Westworld y los límites de la inteligencia

Un lugar de infinitas posibilidades debería ser por lógica un espacio donde uno puede toparse de repente y de bruces con la vida. A la pregunta inevitable sobre qué es esa «vida» intenta darle respuesta Westworld y todo el magnífico equipo que se ha centrado en, valga la redundancia, «dar vida» a esta obra de arte. La serie tiene su germen en una película de título homónimo de los años setenta, dirigida por Michael Crichton, padre también de la famosa novela Jurassic Park, que más tarde Spierlberg inmortalizaría en aquel apabullante filme al que no pocas cosas nos recuerda esta creación. En este caso, no asistimos a un parque de dinosaurios, sino a uno de personas, perdón, de androides, robots con aspecto y comportamientos muy humanos que sin embargo parecen deambular en ese lejano oeste solo para deleite y disfrute de los newcomers o guests, los visitantes que llegan del mundo real con ansia de aventuras o con el osado objetivo de «encontrarse a sí mismos» y con la ventaja de que no pueden ser ni heridos ni ultrajados, ahí donde los actos parecen no tener reales consecuencias, donde la conciencia podría quedar apartada en un cajón.

La realidad o nuestra certeza sobre lo que es falso o ficticio no es un debate nuevo ni ha sido abierto con Westworld, pues esta cuestión quijotesca es la que recorre la espina vertebral de toda la filosofía y la literatura desde los griegos hasta el día en que vivimos. Observada desde diferentes encuadres, esta pregunta entronca con el origen de la empatía o el lugar que ocupa en el cerebro la conciencia, la memoria, la religión y toda la historia de la espiritualidad, así como el inacabable asunto del libre albedrío, Dios o el destino de los hombres. La buena ciencia ficción ya ha versado sobre esto en otras ocasiones: recordemos Blade Runner, BattleStar Galactica o la misma y excelente actual Black Mirror. Estamos hablando y preguntándonos constantemente sobre la naturaleza de nuestra existencia. ¿Somos fruto del azar y de la unión de unos átomos o hay detrás de nosotros un experto tejedor de historias, un creador, un tirititero que mueve nuestros hilos? Westworld es la caverna de Platón, y sus androides, análogos a nosotros al preguntarnos sobre nuestro origen y rezar a nuestros dioses, curiosos que anhelan ver la luz más allá de las cosas o del espacio conocido.

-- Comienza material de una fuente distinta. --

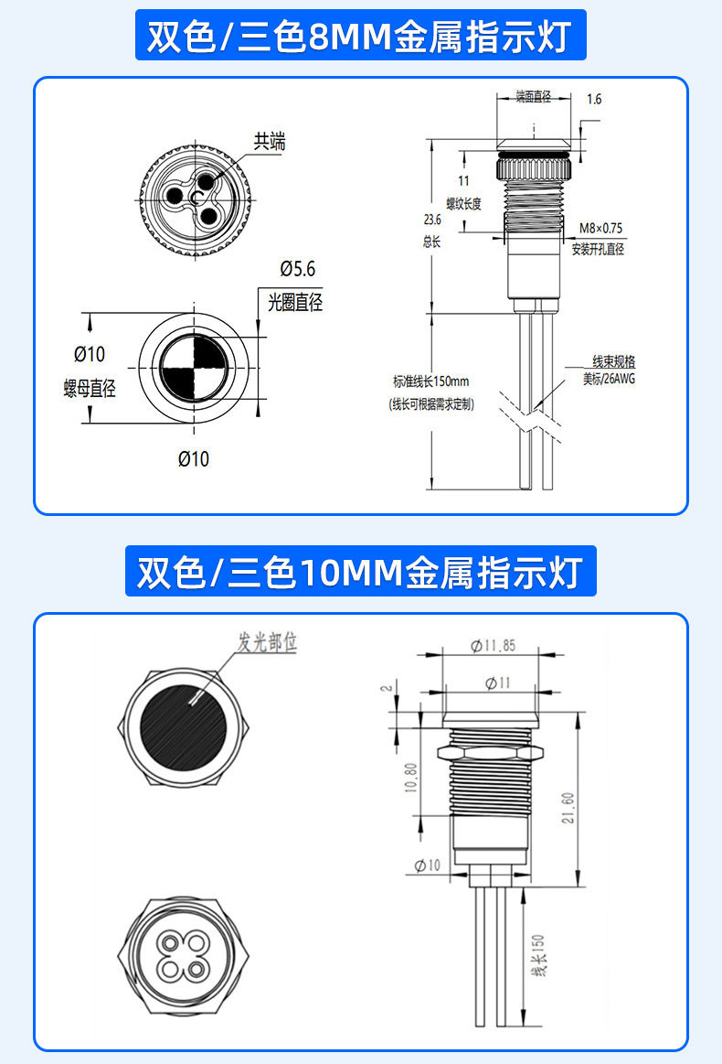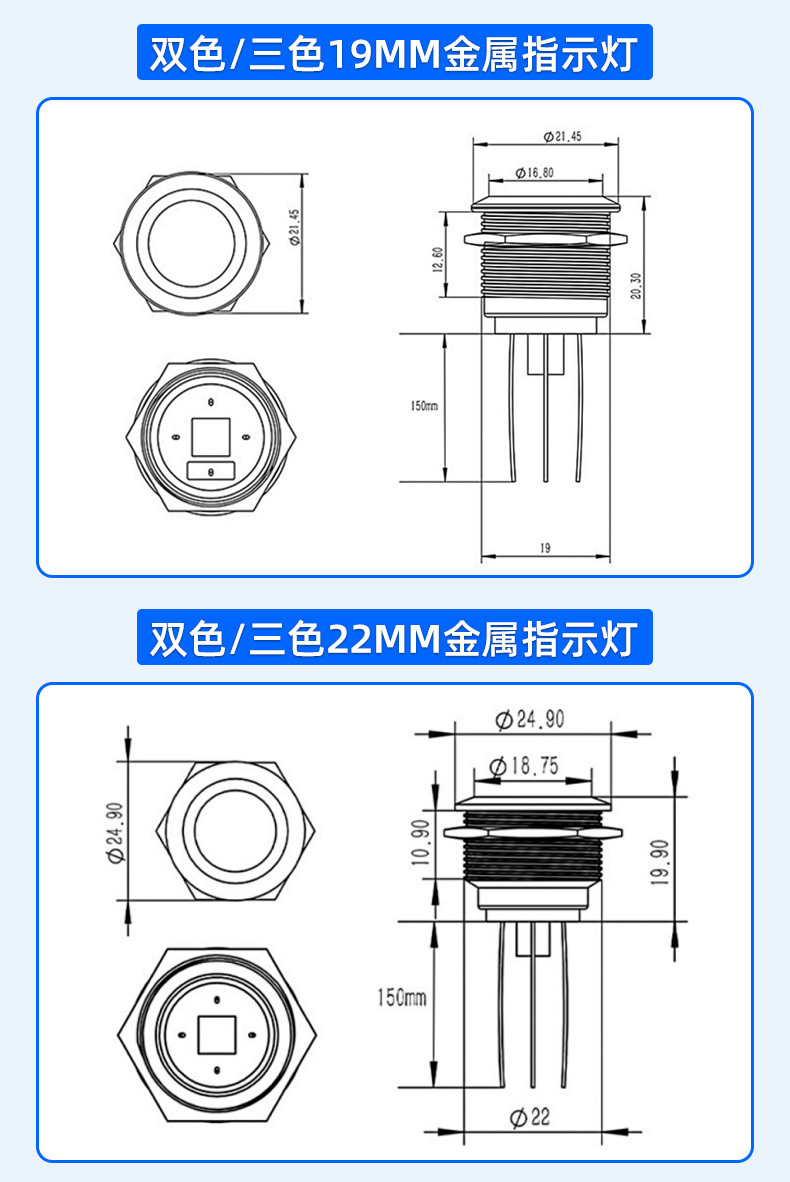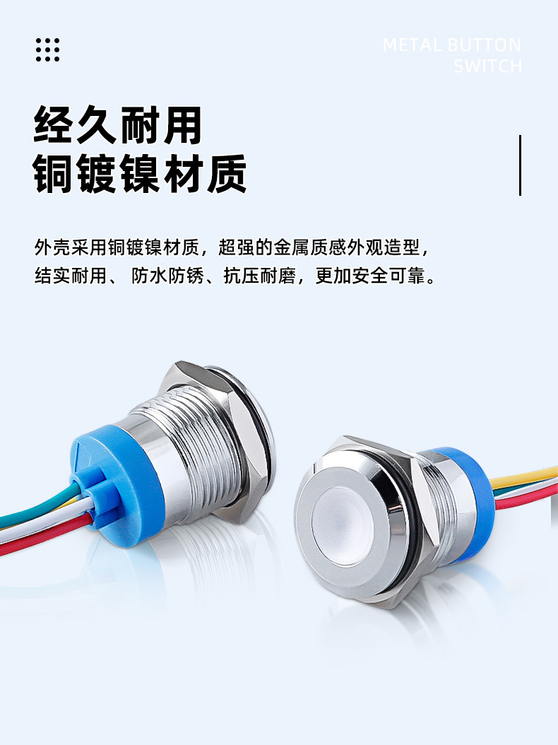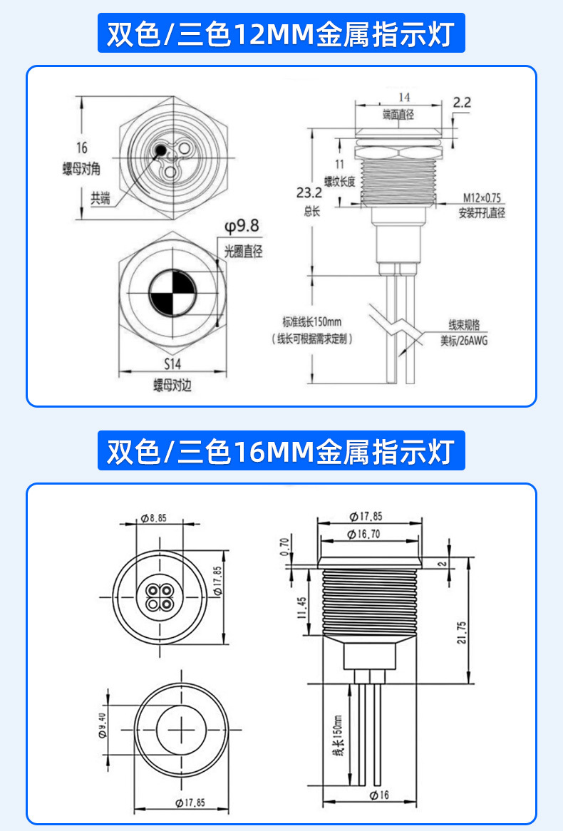 Светодиодный двухцветный трехцветный металлический индикатор, водонепроницаемый сигнальный светильник 8/10/12/16/19/22 мм, рабочий источник питания 24 В

Toda la atención del argumento es una sencilla –más bien compleja– excusa para mostrarnos el peligro de ser humanos y lo lejos que pueden llegar nuestras propias creaciones. Ese miedo a que algo creado por nosotros mismos nos rebase y nos supere es precisamente ese conflicto entre ambos mundos y las discusiones constantes sobre «a quién pertenece» cada parcela del juego. Es el mismo debate sobre la inteligencia artificial y la robótica, sobre hasta qué punto jugar a ser dioses nos podría salir caro. Hay una pregunta ética que sobrevuela a todas estas anteriores cuestiones y que es con lo que comenzábamos este texto: ¿qué es estar vivo? ¿Somos meros receptores de órdenes, víctimas de un causa-efecto condicionados por las leyes de la física y del universo? En ese sentido, nada nos diferenciaría mucho de una máquina o un robot. ¿Qué ocurre si esta máquina acaba por tener conciencia, o sea, es capaz de escucharse a sí misma, de improvisar e innovar sus códigos, de generar sentimientos y sufrir?

Westworld, guiada magníficamente por la apoteósica y siempre certera música de Ramin Djawadi, así como por las memorables actuaciones de todos y cada unos de sus actores, además de guionizada por uno de los hermanos Nolan, se adentra sin miedo en este debate filosófico y ofrece con cada episodio unas respuestas a saborear con calma y con tiempo. Un amor no superado que nos desgarra todavía por dentro, la comezón de un sentimiento extraño que se apodera de nosotros sin ser aún conscientes de su peligro, el ansia por la libertad de penetrar a un mundo nuevo o de luchar contra los dioses que, egoístas, nos crearon para divertirse… cualquier excusa vale dentro de este parque, cualquier motivación nos conduce de lleno en este viaje a un lejano oeste donde se pone en jaque a la inteligencia. Porque en el germen de toda creación existe un miedo primigenio: que lo imaginado acabe siendo verdaderamente real, que nos supere o que incluso acabe con nosotros; que, como decía Unamuno, el Quijote llegue a tener más vida que el propio Cervantes una vez muerto.